BBC Türkçe'nin İngilizce'den çevirdiği yazıda, Cumhurbaşkanı Erdoğan Batılı ülkeleri Fethullah Gülen'in destekçilerine sığıma hakkı tanıyarak, 'Türk halkının yarasına tuz basmakla' suçladı:
Bu direnişte 250 kişi hayatını kaybetti, 2 bin 193 kişi yaralandı. Hükümetimin, Fethullah Gülen'i yargı önüne çıkarma gayretleri sadece Türkiye için değil, her yerdeki demokrasi için önemlidir. 1960 ile 1997 yılları arasında en az dört seçilmiş hükümet ordu tarafından zorla iktidardan indirilmiştir. Uzun yıllarca seçilmişler, kendilerini özgür hissedemedi. Aynı zamanda ulusumuz geçmişte seçilmişlerin yetkilerini kötüye kullanmasından tam olarak kurtulamadı. Daha da kötüsü, askeri darbeler Türk halkının hükümet kurumlarına olan güvenini son derece zayıf hale getirmişti.
'DARBECİLER DUVARA TOSLADI'
Bu duvar 10 yılı aşkın süredir siyaset, ekonomi, sağlık, yargı, dış politika ve temel haklar alanlarında devam eden gelişmelerden oluşuyordu. Hükümet ve halk arasındaki bu bağ, demokrasinin direncinin en önemli ölçütüdür ve aynı zamanda demokrasinin hayatta kalabilmesinin de en güçlü garantisidir."
'DEMOKRASİ TARİHİ İÇİN DÖNÜM NOKTASI'
"Darbe girişiminin püskürtülmesi demokrasi tarihi için bir dönüm noktasıdır. Diktatörlerin yönetimi altında yaşayan herkes için bir ilham ve umut kaynağı olacaktır. Maalesef Türkiye'nin müttefikleri, özellikle de Batılı dostları, olanların önemini kabul edememişlerdir.
Türkiye'nin Gülen'e sadık kamu çalışanlarını tespit edip tasfiye etme çabalarının aynı gruplar tarafından eleştirilmesi de, Batı'nın ülkemdeki demokrasi ve güvenliğe olan bağlılığının sorgulanmasına yol açmıştır.
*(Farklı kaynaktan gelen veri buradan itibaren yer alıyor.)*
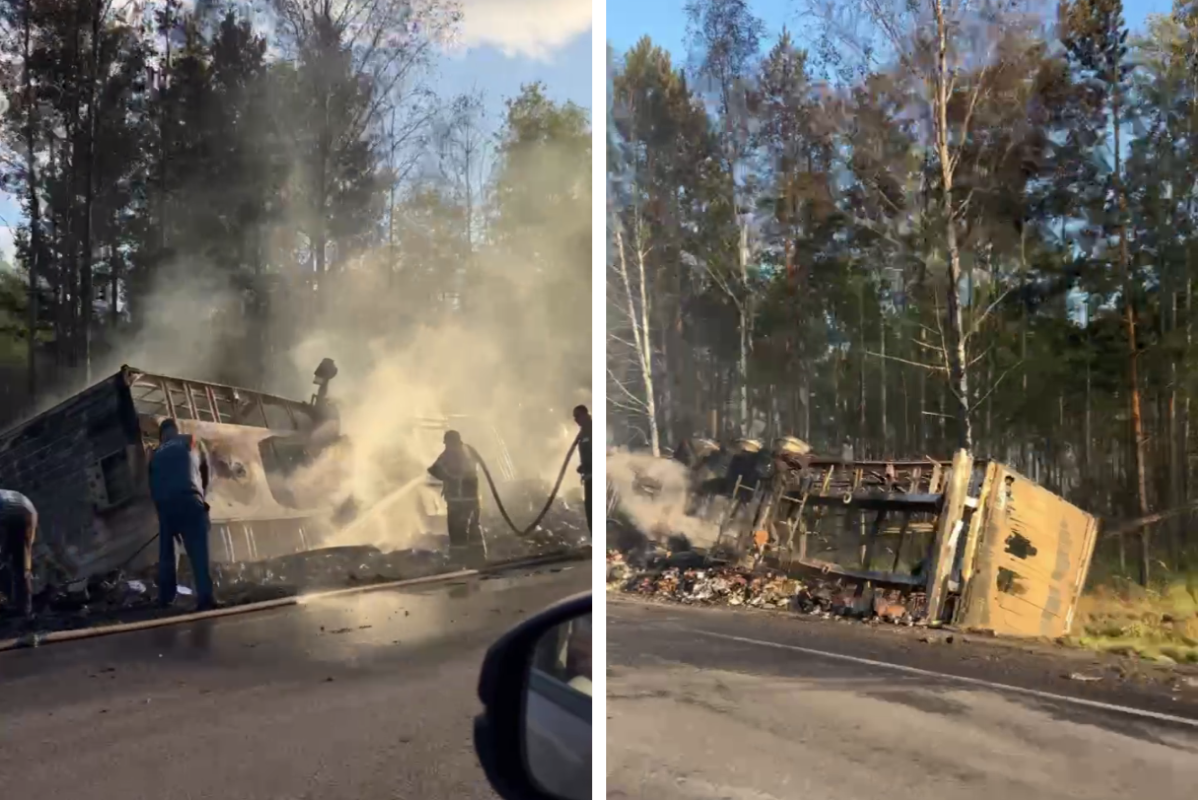 Перевернутая фура догорает на обочине — жуткие кадры ДТП под ТюменьюДвижение по трассе ограничено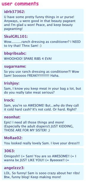 What's In My Pageant Bag? is an iCarly.com blog written by Sam Puckett about the essentials she keeps in her bag while competing in pageants.

Bir de yaraya tuz basar gibi, Gülen tarafından yönetilen örgütün üst düzey liderlerine kendilerini Türkiye'nin dostu ve müttefiki ilan etmiş ülkelerce sığınma hakları verildi.
Türkiye'den daha düşük seviyeli ulusal güvenlik tehditleriyle karşı karşıya kalan bazı ülkeler olağanüstü hâl ilan ederken Türkiye'yi de aynı kararı aldığı için eleştirmek de haklı gösterilemez. Yıllar içerisinde PKK, 50 bin kişinin hayatını kaybetmesine neden olmuştur."
'FETÖ YARGI SÜRECİNİ YAVAŞLATIYOR'
"FETÖ gibi son derece gizli bir yapıyla mücadele etmek kolay değil. Örgüt üyeleri sistematik olarak Türkiye'nin kamu kuruluşlarına sızmış ve yıllar içerisinde terfi ederek önemli pozisyonlara gelmiştir. Şu anda suçlu olduklarını kanıtlayan somut deliller olmasına rağmen yargı süreçlerini yavaşlatmaya gayret ediyorlar.
Adalete bağlı kalmaya devam ediyoruz. İhraç kararlarına itiraz edenlerin başvurularını değerlendirecek bağımsız komisyonlar kuruldu. Hedefimiz, suçluları sonuna kadar yargılarken gelecekte yaşanabilecek saldırılara karşı ülkemizin direncini kuvvetlendirmektir."